Records from a dataset

----------------------------------------

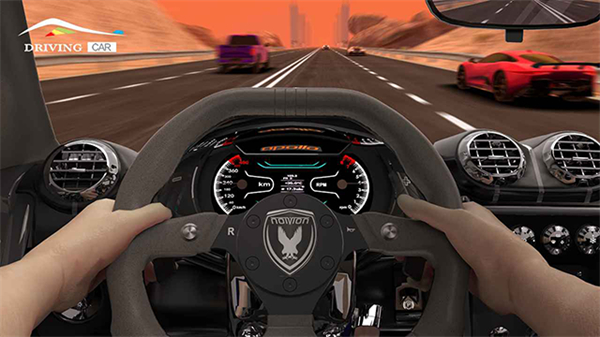 第一人称沉浸视角:从挡风玻璃内观察赛道,配合后视镜动态与车头颠簸动画,视线随转弯移动,代入感远超传统第三人称赛车。真实仪表盘UI与油门刹车反馈,仿佛手握方向盘。
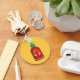 A cute red chilli pepper with a fiery explosive background design on the red and green hot sauce bottle. The words read "Always Hot".
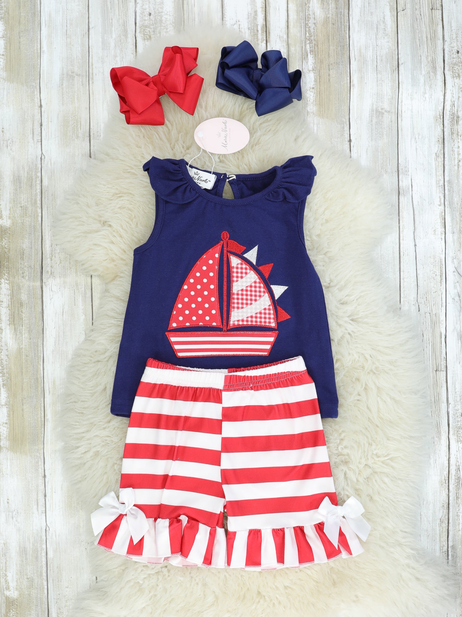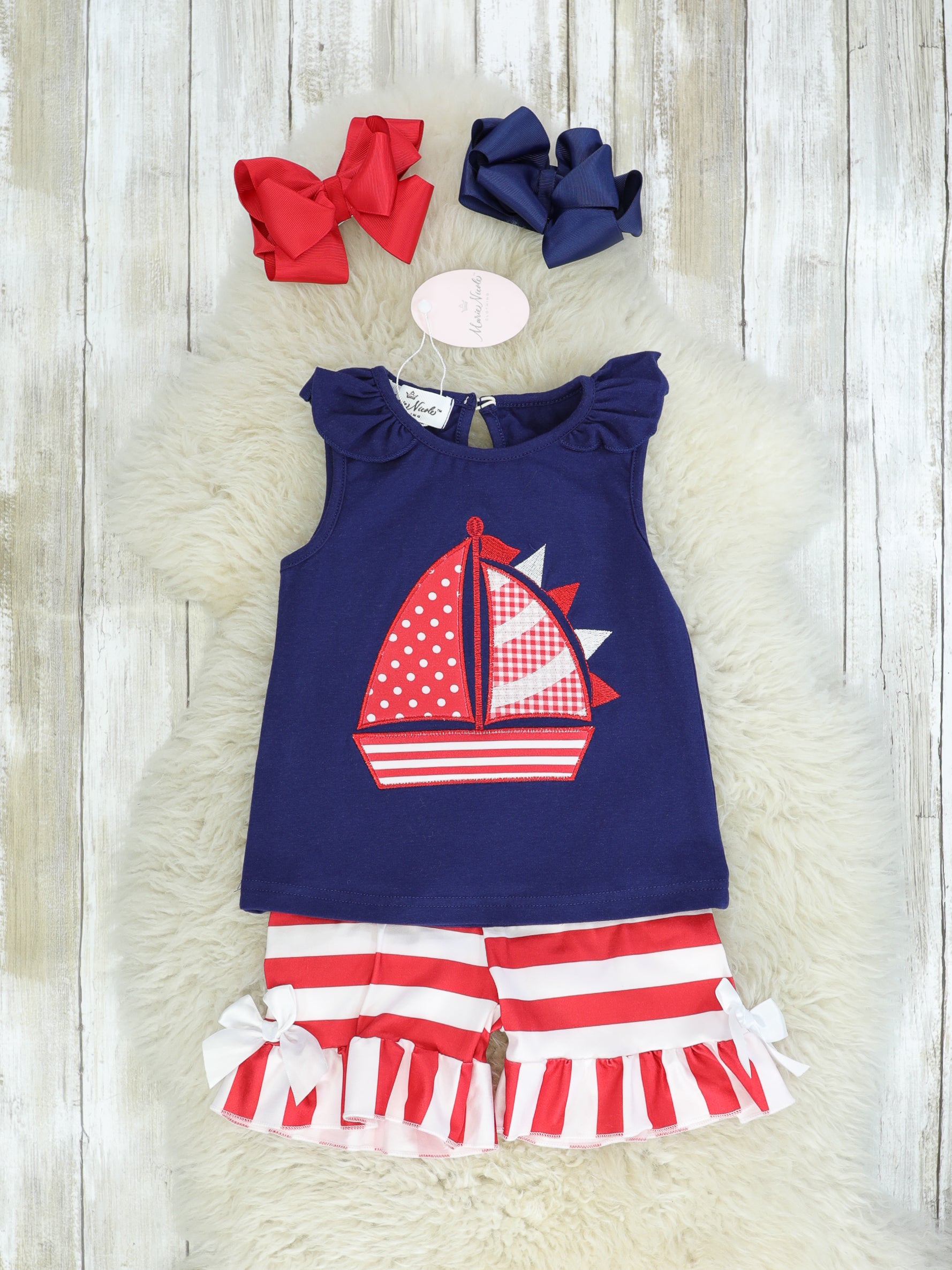 Set Sail in this too cute sibling set! This set is perfect for a family trip near the sea! We love the sailboat appliqué & red & white striped shorts!
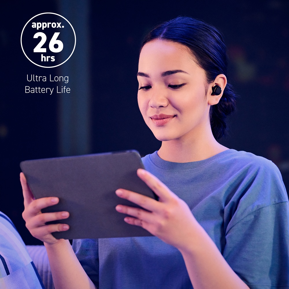 Навушники B120W забезпечують до 6,5 годин відтворення музики на одному заряді та додаткові 19,5 годин завдяки компактному кейсу для зберігання та зарядки. Це дозволяє насолоджуватися музикою та спілкуватися протягом усього дня без перебоїв.
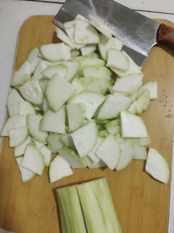 清洗干净,一分为二,再二分为四,切成片!(也可以根据自己的喜好切成小块!)
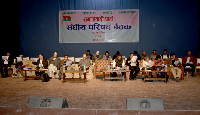काठमाडौं, २८ कार्तिक । सत्तारुढ दल समाजवादी पार्टीको आजबाट संघीय परिषद बैठक सुरु भएको छ । बैठकमा संघीय परिषद अध्यक्ष डा. बाबुराम भट्टराईले सरकार छोड्नुपर्ने अडान राखेका छन् । तर, पार्टीका केन्द्रीय अध्यक्ष तथा उपप्रधानमन्त्री उपेन्द्र यादव भने कुनैपनि हालतमा सरकारबाट बाहिरिने पक्षमा छैनन् ।
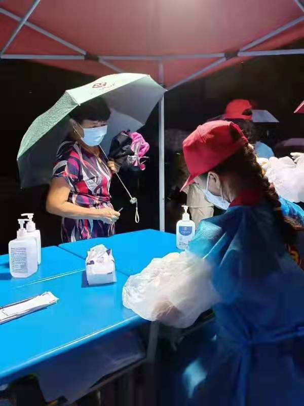 她说:枫亭镇是疫情中高分区,见到疫情的情况自愿加入志愿者尽自己的一份力!发信息时说:连续几天都在做核酸,马上进行第九次核酸采集。
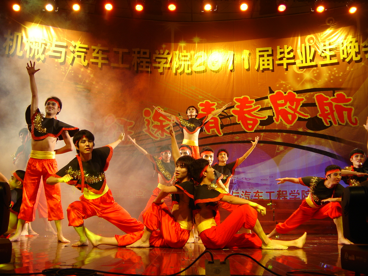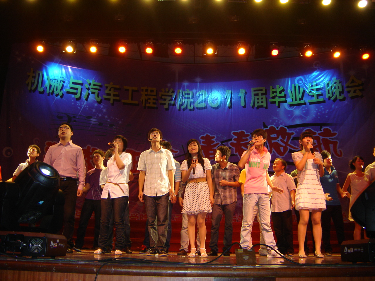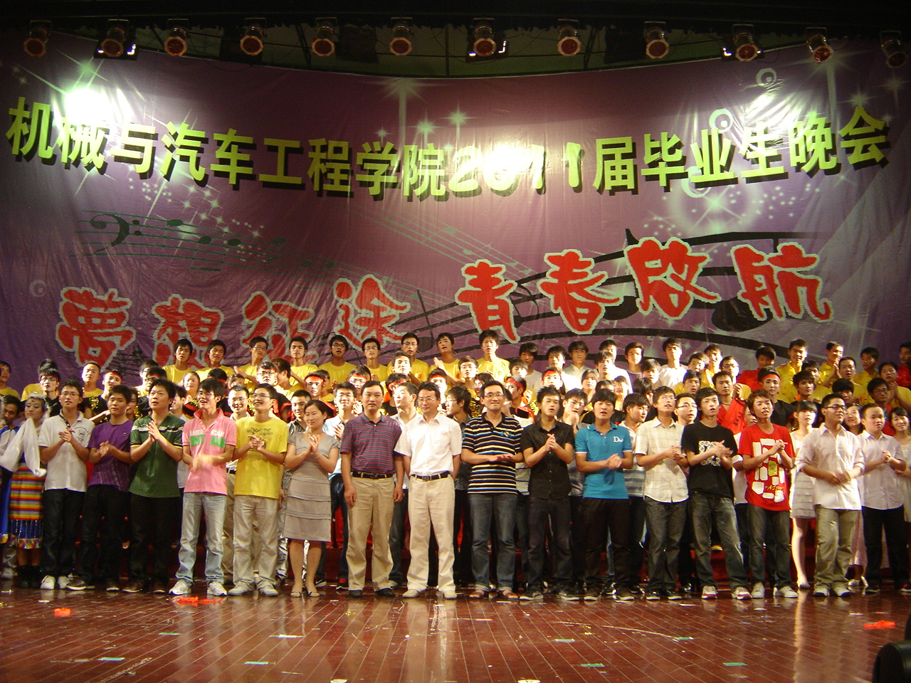 晚会在乐器合奏《天高地厚》激情四射的乐曲声中拉开序幕。首先,许德章代表学院党委、行政为即将毕业的学子致辞,他给广大同学分析了当今的社会发展,并从价值观和职业精神两个角度向毕业生提出了“你们是否充分准备好了”的问题,并希望毕业生们谨记做人胜于做事。之后的舞台剧《我的醒着的梦——80后的回忆》将在场毕业生的思绪带回了他们的小学、中学以及大学四年的点点滴滴,将那些深深镌刻在他们心中的记忆唤醒;接着附属幼儿园的小朋友们用他们可爱、天真的舞蹈《蜡笔小新》给场观众们带来无尽的欢笑;随后的《毕业之声》、《落叶归根》、《咱爷爷》等节目都以不同的方式表达出对毕业生深深的祝福;特别是由郑松庭、方维圆等毕业生代表带来的歌曲联唱,唱出了对母校的眷恋与不舍、对师长的敬意与感恩和对未来的自信与期待,将晚会的气氛推向高潮;最后晚会大合唱《走向复兴》、《二十年后再相会》中圆满落下帷幕。
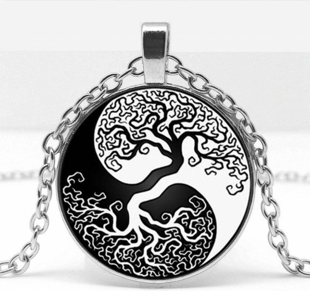 Přívěsek Jin Jang Strom života rozměry přívěsku: výška včetně očka: 3,6 cm / průměr 2,8 cm délka řetízku: 50 cm materiál: zinková slitina s povrchovou úpravou SILVER , tvrzené sklo
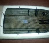 крышка готова,теперь усиливаем лодку, я вклеил кольцо из 8мм фанеры, ложим крышку на фанеру, обводим и выпиливаем электролобзиком,снаружи это уже чистовая обработка, внутри выпиливаем с запасом 5-8мм от края корпуса ,что бы можно было ухватить прищепками, мажем с аэросилом, что бы не текло, и по периметру прищепками,чем больше, тем лучше,когда встанет, наклеить скотч бумажный , что бы не поцарапать лодку, и выпиливаем на чистовую лобзиком по контуру лодки лишнюю фанеру, обрабатываем края, и ВУАЛЯ!
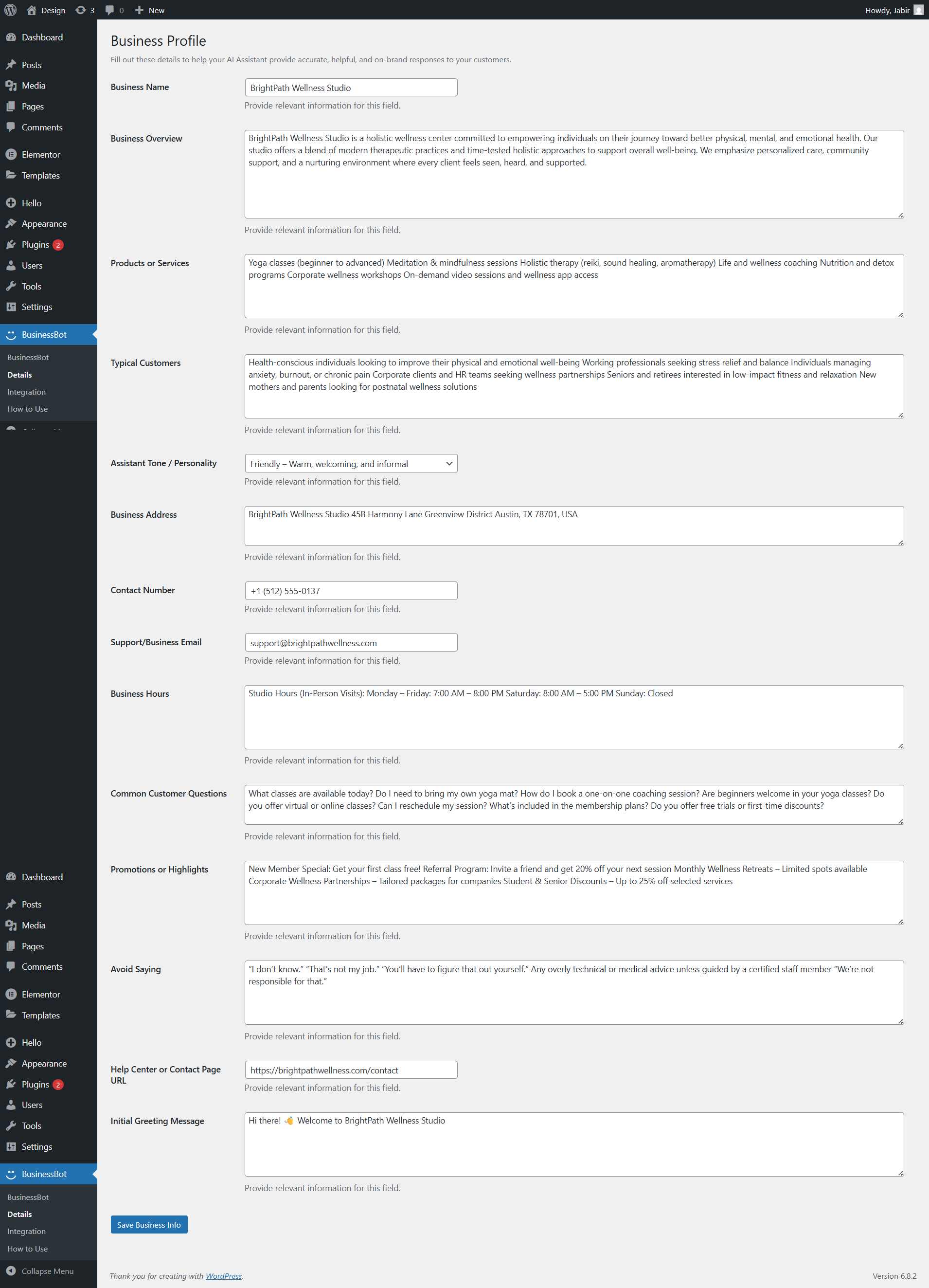 人工智能业务助理是一个用于WordPress的个性化BusinessBot AI聊天助理插件,可以像您网站上的实时支持主管一样。它使用Google Gemini AI根据您在管理面板中提供的信息了解您的业务。
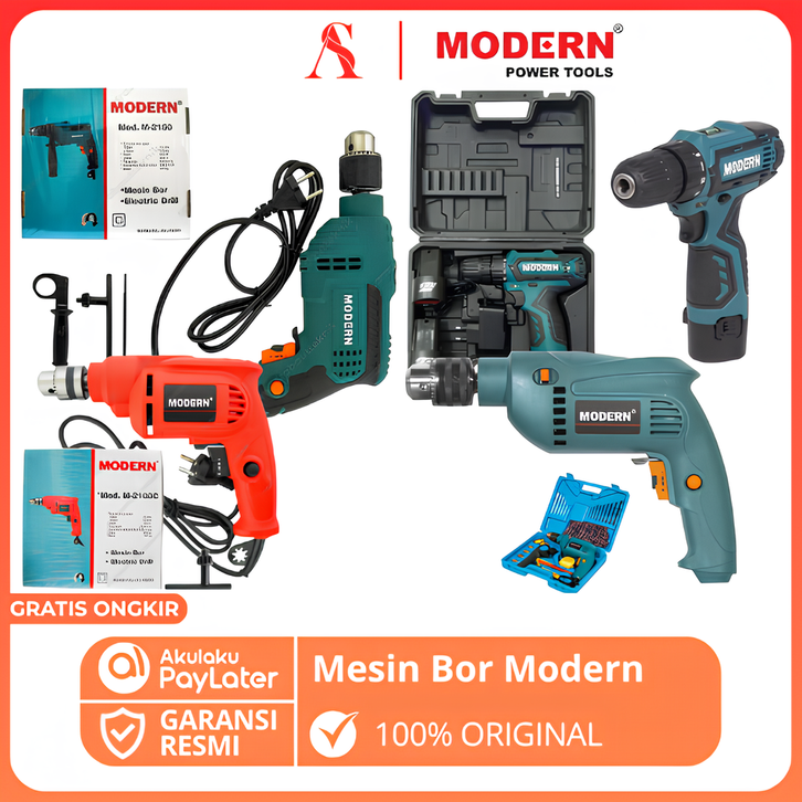 Mesin Bor Modern M2100C M2130 Mesin Bor Tangan Impact Electric Drill bor kayu besi beton Bor Cordless Bor Obeng bor set

----------------------------------------

> The task: Skipping all images, print the data above a second time exactly.

> Final answer:
 第一人称沉浸视角:从挡风玻璃内观察赛道,配合后视镜动态与车头颠簸动画,视线随转弯移动,代入感远超传统第三人称赛车。真实仪表盘UI与油门刹车反馈,仿佛手握方向盘。
 A cute red chilli pepper with a fiery explosive background design on the red and green hot sauce bottle. The words read "Always Hot".
 Set Sail in this too cute sibling set! This set is perfect for a family trip near the sea! We love the sailboat appliqué & red & white striped shorts!
 Навушники B120W забезпечують до 6,5 годин відтворення музики на одному заряді та додаткові 19,5 годин завдяки компактному кейсу для зберігання та зарядки. Це дозволяє насолоджуватися музикою та спілкуватися протягом усього дня без перебоїв.
 清洗干净,一分为二,再二分为四,切成片!(也可以根据自己的喜好切成小块!)
काठमाडौं, २८ कार्तिक । सत्तारुढ दल समाजवादी पार्टीको आजबाट संघीय परिषद बैठक सुरु भएको छ । बैठकमा संघीय परिषद अध्यक्ष डा. बाबुराम भट्टराईले सरकार छोड्नुपर्ने अडान राखेका छन् । तर, पार्टीका केन्द्रीय अध्यक्ष तथा उपप्रधानमन्त्री उपेन्द्र यादव भने कुनैपनि हालतमा सरकारबाट बाहिरिने पक्षमा छैनन् ।
 她说:枫亭镇是疫情中高分区,见到疫情的情况自愿加入志愿者尽自己的一份力!发信息时说:连续几天都在做核酸,马上进行第九次核酸采集。
 晚会在乐器合奏《天高地厚》激情四射的乐曲声中拉开序幕。首先,许德章代表学院党委、行政为即将毕业的学子致辞,他给广大同学分析了当今的社会发展,并从价值观和职业精神两个角度向毕业生提出了“你们是否充分准备好了”的问题,并希望毕业生们谨记做人胜于做事。之后的舞台剧《我的醒着的梦——80后的回忆》将在场毕业生的思绪带回了他们的小学、中学以及大学四年的点点滴滴,将那些深深镌刻在他们心中的记忆唤醒;接着附属幼儿园的小朋友们用他们可爱、天真的舞蹈《蜡笔小新》给场观众们带来无尽的欢笑;随后的《毕业之声》、《落叶归根》、《咱爷爷》等节目都以不同的方式表达出对毕业生深深的祝福;特别是由郑松庭、方维圆等毕业生代表带来的歌曲联唱,唱出了对母校的眷恋与不舍、对师长的敬意与感恩和对未来的自信与期待,将晚会的气氛推向高潮;最后晚会大合唱《走向复兴》、《二十年后再相会》中圆满落下帷幕。
 Přívěsek Jin Jang Strom života rozměry přívěsku: výška včetně očka: 3,6 cm / průměr 2,8 cm délka řetízku: 50 cm materiál: zinková slitina s povrchovou úpravou SILVER , tvrzené sklo
 крышка готова,теперь усиливаем лодку, я вклеил кольцо из 8мм фанеры, ложим крышку на фанеру, обводим и выпиливаем электролобзиком,снаружи это уже чистовая обработка, внутри выпиливаем с запасом 5-8мм от края корпуса ,что бы можно было ухватить прищепками, мажем с аэросилом, что бы не текло, и по периметру прищепками,чем больше, тем лучше,когда встанет, наклеить скотч бумажный , что бы не поцарапать лодку, и выпиливаем на чистовую лобзиком по контуру лодки лишнюю фанеру, обрабатываем края, и ВУАЛЯ!
 人工智能业务助理是一个用于WordPress的个性化BusinessBot AI聊天助理插件,可以像您网站上的实时支持主管一样。它使用Google Gemini AI根据您在管理面板中提供的信息了解您的业务。
 Mesin Bor Modern M2100C M2130 Mesin Bor Tangan Impact Electric Drill bor kayu besi beton Bor Cordless Bor Obeng bor set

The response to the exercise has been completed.